For all the misery that Kansas State has given Texas through the years, it is the funny irony that the worst period Texas has seen in at least 30 years has been the most fruitful for the Longhorns against the Wildcats, as Texas has won 5 of 7 in this series after losing five in a row from 2006 to 2012.
Tom Herman has never lost to the Wildcats, but those three wins have been by a combined 14 points (no way). In fact, these two teams usually play close games — since 2014, the cumulative score in this series is Texas 130, Kansas State 128.
And it is usually close because the Longhorns can’t score against the Wildcats — in 16 meetings with Kansas State, Texas has scored as many as 30 points just three times — in 2017 (a 40-34 victory), in 2013 (a 31-21 victory) and in 2006 (a 45-42 loss).
It has been a strange year in Manhattan (besides the obvious). KSU lost their opener 35-31 to Arkansas State, a team ravaged by COVID, and then two weeks later went out and whipped Oklahoma despite missing nearly their entire secondary to COVID protocols themselves.
They then lost starting quarterback Sylar Thompson for the year due to injury against Texas Tech, but managed to pull out a victory in that game and also managed to patch together two more wins against TCU and Kansas.
So they were sitting at 4-1 (4-0 in the conference) when the bottom fell out from underneath them in Morgantown, and they haven’t stopped falling since, losing four in a row, including last week’s loss in Waco to previously one win Baylor.
Their offense has been a mess. Thompson’s replacement, true freshman Will Howard, has only passed the 185 yards mark once (against Kansas), and in their last two games, the leading passer had 44 yards against Iowa State and 88 against Baylor. Howard is only completing 53% of his passes, and has thrown more interceptions (8) than touchdowns (6).
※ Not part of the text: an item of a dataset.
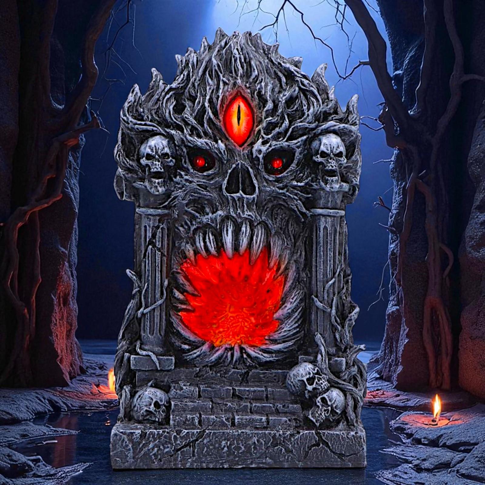 Intricately sculpted and cast in the finest resin, every eerie detail is captured—from the cracked stairs and twisted pillars to the gaping fanged maw and sinister skulls. The LED feature (powered by AA batteries, not included) lights up the mouth and eyes, adding a dramatic red glow that’s perfect for creating a spine-chilling ambience.

How bad has their air attack been? Freshman sensation (and Round Rock’s own) Deuce Vaughn eclipsed the 100-yard mark receiving against Baylor for the first time in six games. He hadn’t had more than 19 yards receiving in any game since that win over Kansas in late October. He’s still the leading receiver on the team. Sheesh.
Their defense has been adequate (57th in the country in S&P+), but isn’t good enough to overcome the shortcomings of their offense.
Longhorns linebacker Juwan Mitchell, who had perhaps his best game of the year last week against Iowa State with 10 tackles, will need to be a big factor in this game, to shut down that running attack.
The Longhorns are 0-6 ATS their last six trips to Manhattan, and with team captains opting out with two games left, it is fair to wonder how much stomach they will have for the fight. The Wildcats are not a good team, but since when does KSU have to be good to beat Texas?
Texas 28 Kansas State 24
ATS – Kansas State
SU – Texas
For entertainment purposes only. Save your money for passing the hat around on buyouts.